Home Forward, the housing authority for Multnomah County, has issued a public apology for its mistreatment and lack of concern for Black residents living in Vanport 73 years ago when the wartime housing was destroyed by floodwaters, killing at least 15 people and leaving thousands homeless.


Michael Buonocore, executive director of the low income housing provider, in a video released on the Sunday anniversary of the May 30, 1948 Memorial Day Flood, said he wanted to acknowledge the racism, the negligence and wrongdoing that Home Forward, formerly the Housing Authority of Portland (HAP), played in the disaster and aftermath.


Vanport was built in 1942 to provide housing for people working in the shipyards and at its peak housed about 40,000 people making it the second largest city in Oregon at the time.


But the structures weren’t built to last, Buonocore said. Its homes were not on permanent foundations and under strain from heavy rainfall and melting snowpack, a nearby dike burst and flooded Vanport.


While the history of the city has been the subject of many articles, documentaries, interviews, art installations and tours, Buonocore said there had never been an acknowledgement from the Housing Authority of Portland, now Home Forward, about its own role in the tragedy.


He said in the spring of 1948, as the likelihood of flooding increased, HAP downplayed the threat of disaster.

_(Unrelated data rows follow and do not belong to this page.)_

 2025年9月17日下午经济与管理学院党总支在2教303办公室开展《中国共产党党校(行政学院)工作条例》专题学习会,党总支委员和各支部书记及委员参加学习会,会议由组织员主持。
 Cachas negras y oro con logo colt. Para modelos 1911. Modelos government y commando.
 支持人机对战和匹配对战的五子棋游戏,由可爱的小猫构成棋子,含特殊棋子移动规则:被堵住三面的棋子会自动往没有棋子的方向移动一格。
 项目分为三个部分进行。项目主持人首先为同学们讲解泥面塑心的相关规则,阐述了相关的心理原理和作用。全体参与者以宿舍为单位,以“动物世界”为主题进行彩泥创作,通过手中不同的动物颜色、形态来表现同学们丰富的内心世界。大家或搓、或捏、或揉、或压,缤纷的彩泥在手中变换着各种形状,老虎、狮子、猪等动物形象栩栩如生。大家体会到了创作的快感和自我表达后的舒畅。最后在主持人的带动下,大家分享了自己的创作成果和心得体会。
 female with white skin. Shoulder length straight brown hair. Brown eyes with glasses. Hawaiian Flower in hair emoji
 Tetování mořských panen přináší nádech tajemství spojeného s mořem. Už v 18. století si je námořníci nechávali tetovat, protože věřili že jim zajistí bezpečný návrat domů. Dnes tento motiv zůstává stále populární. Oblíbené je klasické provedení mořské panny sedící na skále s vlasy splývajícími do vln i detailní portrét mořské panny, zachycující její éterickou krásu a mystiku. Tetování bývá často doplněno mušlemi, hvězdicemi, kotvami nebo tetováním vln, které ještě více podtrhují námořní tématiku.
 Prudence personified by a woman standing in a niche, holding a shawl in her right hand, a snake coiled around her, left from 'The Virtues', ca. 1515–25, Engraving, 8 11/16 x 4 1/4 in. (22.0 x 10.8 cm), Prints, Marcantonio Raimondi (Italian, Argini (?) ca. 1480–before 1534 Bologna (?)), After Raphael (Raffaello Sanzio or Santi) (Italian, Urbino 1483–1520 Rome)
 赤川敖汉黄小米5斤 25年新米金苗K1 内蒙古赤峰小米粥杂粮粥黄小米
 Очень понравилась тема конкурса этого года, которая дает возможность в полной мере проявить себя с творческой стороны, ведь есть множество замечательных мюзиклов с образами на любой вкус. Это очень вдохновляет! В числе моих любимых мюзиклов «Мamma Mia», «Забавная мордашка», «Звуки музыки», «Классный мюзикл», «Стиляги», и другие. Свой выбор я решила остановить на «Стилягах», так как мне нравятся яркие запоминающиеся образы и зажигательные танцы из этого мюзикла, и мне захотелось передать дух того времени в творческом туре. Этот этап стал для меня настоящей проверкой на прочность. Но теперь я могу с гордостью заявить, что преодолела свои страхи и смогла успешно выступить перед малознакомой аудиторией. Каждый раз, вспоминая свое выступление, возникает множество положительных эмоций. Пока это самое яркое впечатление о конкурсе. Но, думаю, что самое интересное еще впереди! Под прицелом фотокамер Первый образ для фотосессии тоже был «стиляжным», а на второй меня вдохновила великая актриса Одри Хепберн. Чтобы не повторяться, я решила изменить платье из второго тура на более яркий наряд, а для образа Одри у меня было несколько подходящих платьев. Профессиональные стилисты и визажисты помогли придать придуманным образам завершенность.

“We put notes on people’s doors that said ‘Remember, dikes are safe at present, you will be warned if necessary. You will have time to leave. Don’t get excited,’” Buonocore said. HAP itself, however, got a “little excited” about the flood threat at the time, the official pointed out in the video.

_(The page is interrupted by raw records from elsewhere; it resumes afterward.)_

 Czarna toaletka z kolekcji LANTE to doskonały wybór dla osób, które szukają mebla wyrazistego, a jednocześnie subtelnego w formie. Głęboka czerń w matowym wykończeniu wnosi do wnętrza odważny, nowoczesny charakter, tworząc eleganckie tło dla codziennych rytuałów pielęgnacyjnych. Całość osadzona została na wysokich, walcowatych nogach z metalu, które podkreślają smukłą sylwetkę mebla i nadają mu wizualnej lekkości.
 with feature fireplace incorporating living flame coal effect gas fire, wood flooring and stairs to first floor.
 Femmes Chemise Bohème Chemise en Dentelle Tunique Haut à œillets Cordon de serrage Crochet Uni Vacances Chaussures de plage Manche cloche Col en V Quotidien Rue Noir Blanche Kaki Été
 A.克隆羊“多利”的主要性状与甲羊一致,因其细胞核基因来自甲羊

“We removed our files from the property and the horses, but we didn’t evacuate the people,” Buonocore said.


He said it was important to tell the truth, that HAP didn’t want anything to do with Vanport when it was created, and the agency also did not help the Black residents of Vanport after the flood relocate to other housing throughout the Portland area.


“Albina was still the only area where Black people could live, but there wasn’t enough housing to accommodate them and what we really wanted was for Black people to leave,” Buonocore said, describing sediments from his agency and much of the white community at the time.

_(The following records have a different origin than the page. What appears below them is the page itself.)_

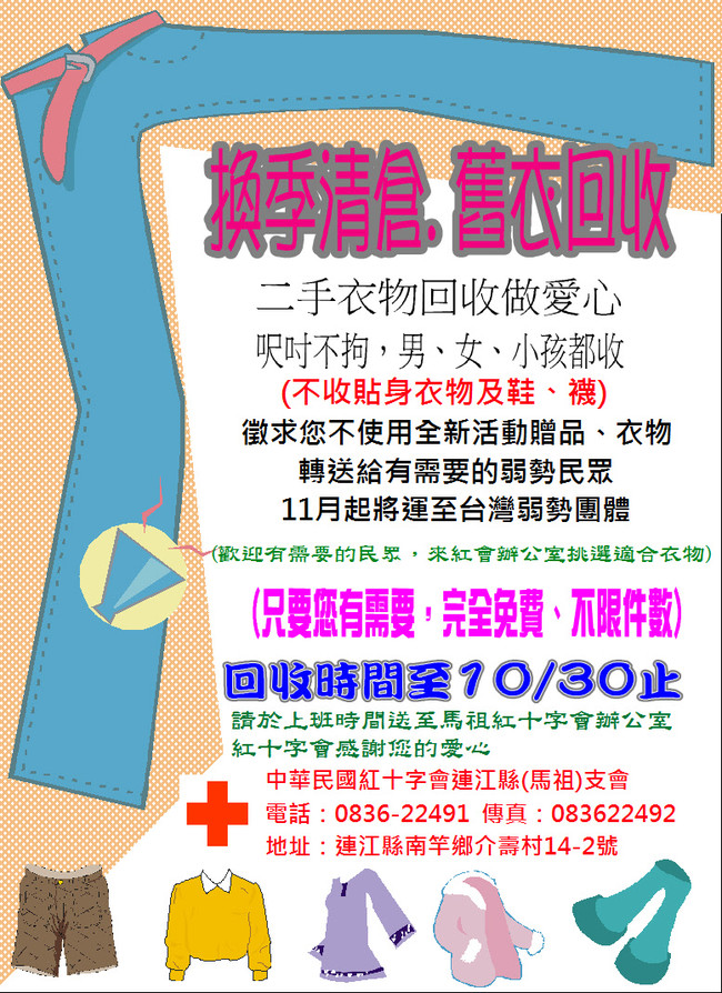 馬祖紅十字會二手衣物回收至10/30止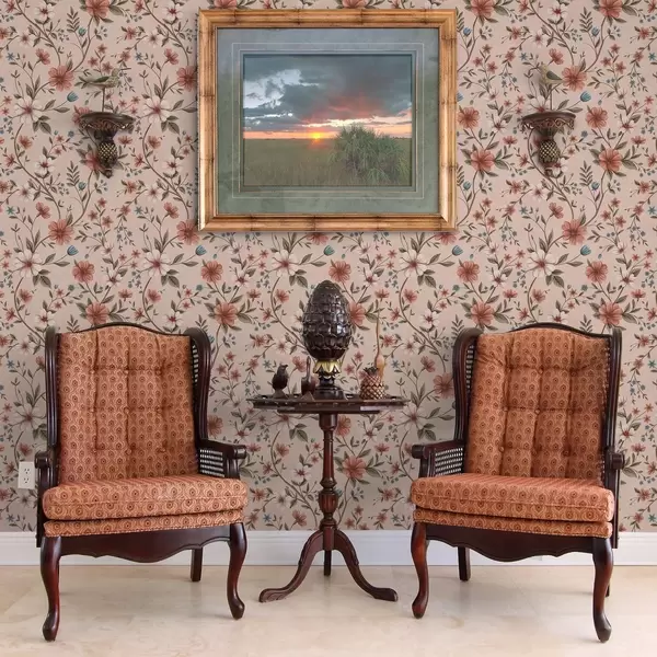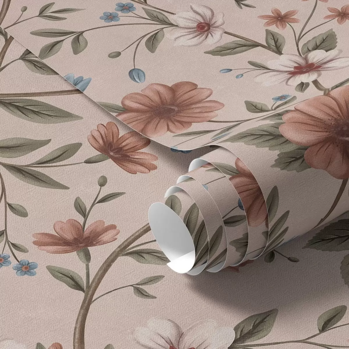 Tapete Rosa-korallenrote Blüten und Blätter auf altrosa Hintergrund Nr. a00667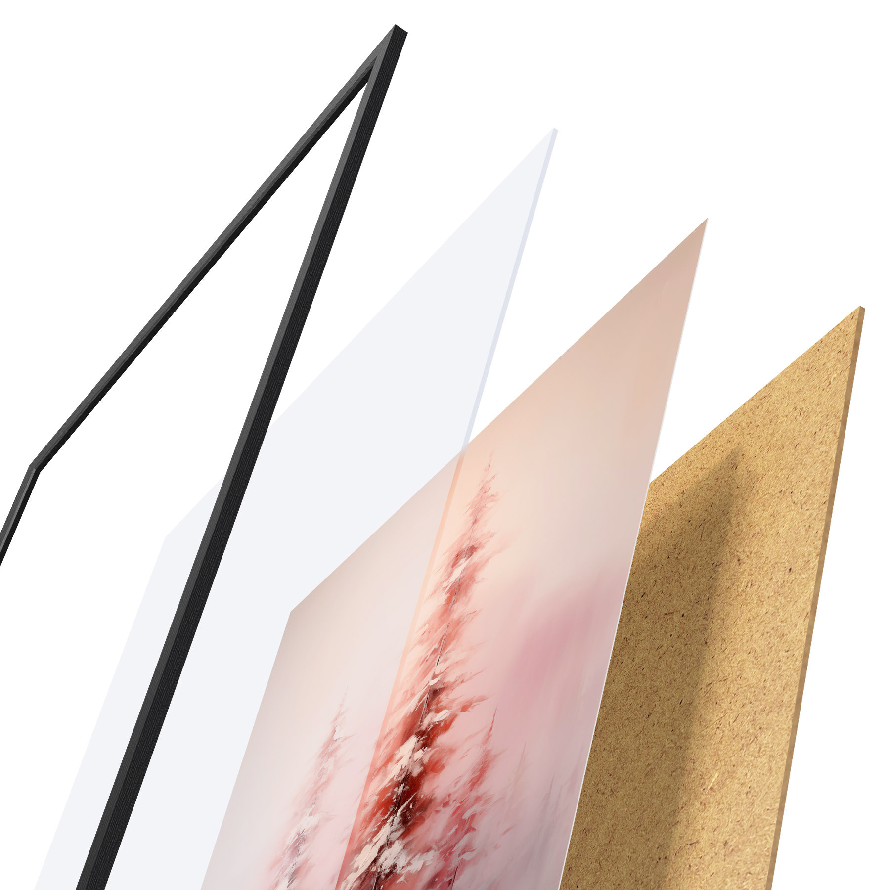 Das Poster besteht aus einem Rahmen, Plexiglas, einem gedruckten Bild und einer Rückwand aus Spanplatten. Dank der Halterungen auf der Rückseite kann das Poster sofort an die Wand gehängt werden.

“Instead we reinforced their isolation and segregation,” he said.


Edgar Kaiser built Vanport in 110 days, circumventing the local officials that were resistant to its existence and HAP took over its operations out of necessity, Buonocore said.


“By 1948 we had allowed Vanport to fall into disrepair. It was considered an eyesore and a slum. Black people were not the only people living there, but they were a high percentage of the population because there was really nowhere else for them to go,” he said.


“From its earliest days, the Housing Authority of Portland did what the institutions of this country were founded to do, reinforce the progress of white people at the expense of Black, Brown, Indigenous and people of color,” Buonocore said.


“We were wrong. And I apologize to the community and the people who were hurt,” he said.